What carries the argument
The aggregation service that extracts data as aggregated events from different sources into a single sample.
If this is right
- Users gain direct access to combined event samples from multiple experiments without manual merging of separate files.
- Experimental groups can share raw or processed data through a common repository using the SWMR access pattern.
- Multi-messenger analysis methods become applicable across the participating experiments via the aggregation service.
- Both web and API interfaces allow participants to retrieve either file collections or aggregated data sets.
Where Pith is reading between the lines
- The same aggregation approach could extend to additional astroparticle experiments if their data formats prove compatible.
- Performance of the aggregation service on large combined samples would determine practical limits for real-time multi-messenger queries.
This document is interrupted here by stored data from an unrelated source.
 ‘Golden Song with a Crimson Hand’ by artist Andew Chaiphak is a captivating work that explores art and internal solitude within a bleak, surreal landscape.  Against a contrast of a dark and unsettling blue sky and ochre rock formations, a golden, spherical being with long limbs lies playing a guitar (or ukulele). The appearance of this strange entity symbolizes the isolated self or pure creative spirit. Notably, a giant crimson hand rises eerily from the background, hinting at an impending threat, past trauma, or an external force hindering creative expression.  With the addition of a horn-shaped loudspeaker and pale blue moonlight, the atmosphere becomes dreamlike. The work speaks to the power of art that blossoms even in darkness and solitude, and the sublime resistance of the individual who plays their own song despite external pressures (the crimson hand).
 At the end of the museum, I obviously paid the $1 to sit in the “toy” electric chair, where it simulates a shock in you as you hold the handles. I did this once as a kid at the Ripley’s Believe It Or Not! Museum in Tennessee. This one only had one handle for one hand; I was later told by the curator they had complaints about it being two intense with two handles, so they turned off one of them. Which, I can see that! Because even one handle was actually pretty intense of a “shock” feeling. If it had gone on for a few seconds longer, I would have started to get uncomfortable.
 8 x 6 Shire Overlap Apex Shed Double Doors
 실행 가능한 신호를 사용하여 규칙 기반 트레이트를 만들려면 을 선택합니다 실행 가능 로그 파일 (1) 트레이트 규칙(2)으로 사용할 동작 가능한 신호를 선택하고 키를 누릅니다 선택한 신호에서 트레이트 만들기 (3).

- Adoption would require verification that the unified interface preserves all necessary metadata from each source experiment.
Load-bearing premise
Data from the KASCADE and TAIGA experiments can be effectively combined under a unified interface and aggregated into single samples without major compatibility or information loss issues.
What would settle it
An attempt to aggregate real data from KASCADE and TAIGA that produces either significant information loss or incompatible event samples under the unified interface.
Figures
read the original abstract
The German-Russian Astroparticle Data Life Cycle Initiative is an international project launched in 2018. The Initiative aims to develop technologies that provide a unified approach to data management, as well as to demonstrate their applicability on the example of two large astrophysical experiments - KASCADE and TAIGA. One of the key points of the project is the development of a distributed storage, which, on the one hand, will allow data of several experiments to be combined into a single repository with unified interface, and on the other hand, will provide data to all participants of experimental groups for multi-messenger analysis. Our approach to storage design is based on the single write-multiple read (SWMR) model for accessing raw or centrally processed data for further analysis. The main feature of the distributed storage is the ability to extract data either as a collection of files or as aggregated events from different sources. In the last case the storage provides users with a special service that aggregates data from different storages into a single sample. Thanks to this feature, multi-messenger methods used for more sophisticated data exploration can be applied. Users can use both Web-interface and Application Programming Interface (API) for accessing the storage. In this paper we describe the architecture of a distributed data storage for astroparticle physics and discuss the current status of our work.
Editorial analysis
A structured set of objections, weighed in public.
Referee Report
Summary. The manuscript describes the architecture of a distributed data storage system for the German-Russian Astroparticle Data Life Cycle Initiative. It targets unification of data from the KASCADE and TAIGA experiments under a single interface to support multi-messenger analysis. The design uses a single-writer multiple-reader (SWMR) model for raw or processed data, with the key capability to extract either collections of files or aggregated events via a dedicated aggregation service; access is provided through both a Web interface and an API. The paper presents the high-level design choices and reports on the current status of the work.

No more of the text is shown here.